PR-005 ("enforcement > aspiration") principle applies. PRIORS.md PR-035 captures the generalised lesson: aspirational agent contracts get ignored under sub-optimal models — hard gate enforcement is mandatory.

Test plan

  • +19 new tests across 4 classes:
    • TestResolveActiveExperimentDir (8) — running-preferred-over-complete, fallback-to-complete, skips-failed-and-aborted, etc.
    • TestPhase4GateRequiresTrainingArtifacts (4) — missing-metrics-blocks, missing-status-blocks, all-three-pass, rationale-lists-all-missing
    • TestWatchTrainingPathResolution (3) — resolves-running-exp, falls-back-to-experiments-root, does-not-use-legacy-path
    • TestMaybeOpenTrainingPane (4) — skips-when-no-zo-dir, skips-when-no-active-exp, opens-pane-when-status-json-exists, ignores-legacy-logs-training-path
  • Existing test_experiment_flow.py + test_auto_iteration.py helpers updated to write the new required artifacts.
  • Test count 706 → 725 + 7 skipped.
  • ruff src/zo/ clean.
  • ./scripts/validate-docs.sh 10/10 (1 pre-existing test-count badge warning, unrelated).
  • End-to-end demo verified: planted a stub training_status.json in .zo/experiments/exp-001/, ran zo watch-training — full dashboard renders (progress bar, metrics table, sparkline, checkpoints, completion status) and exits cleanly. Compare to the "Waiting…" panel that motivated this PR.

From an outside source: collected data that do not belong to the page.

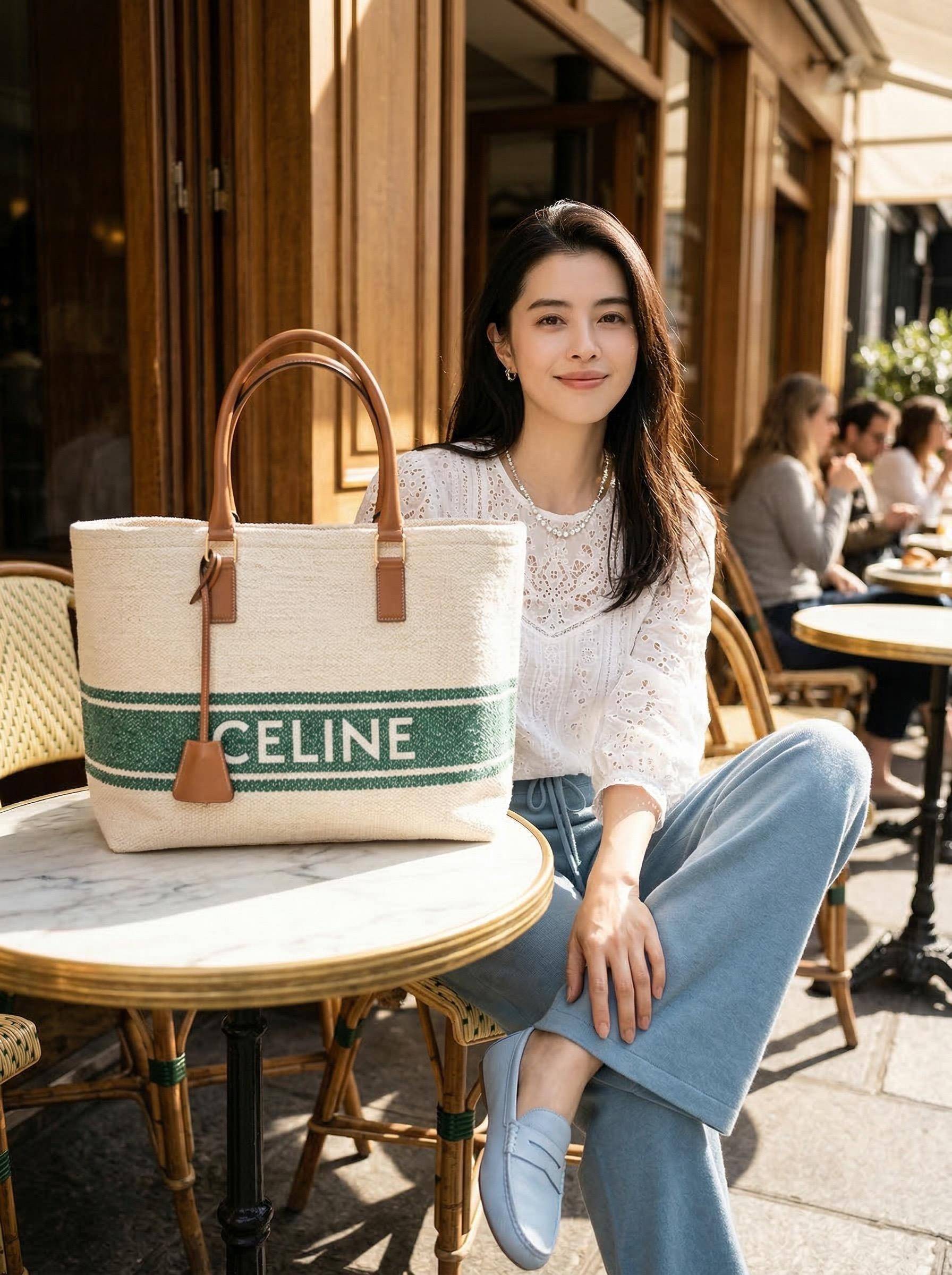 Celine Soleil 紡織和小牛皮橫式Cabas包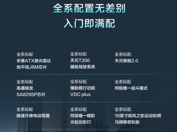 智能配置方面,新车首发搭载天元T200辅助驾驶系统,全系配备禾赛科技ATX激光雷达和29个感知硬件,标配20多项驾驶辅助功能,支持高速NOA、全场景智慧泊车等高阶功能。
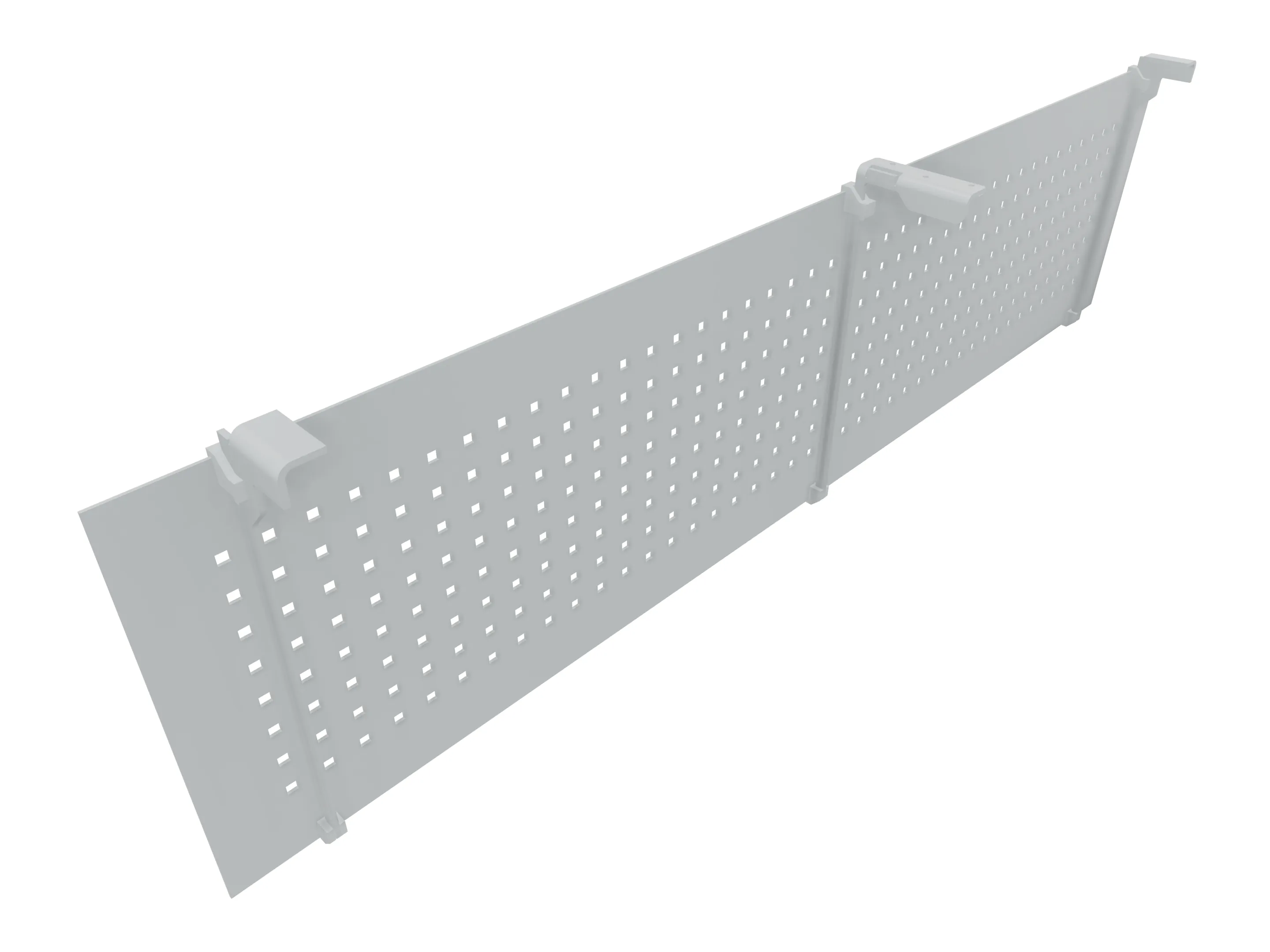 3mm Aluminium met vierkante perforatie (8x8mm), hoogte 400mm, inclusief klemmen.

Out of scope (separate follow-up)

  • Cost-benchmark cascade. First --low-token bench measured ~30% savings ($7.75 vs ~$11 default), not the 70-80% claimed in v1.0.2 docs. cost-benchmark.mdx, low-token-mode.mdx, low-token-preset.mdx, README, STATE need an honesty pass with the measured number — separate PR.
  • STATE.md staleness in delivery repo — orchestrator doesn't auto-write phase transitions to delivery STATE.md (separate code path, same family as this fix).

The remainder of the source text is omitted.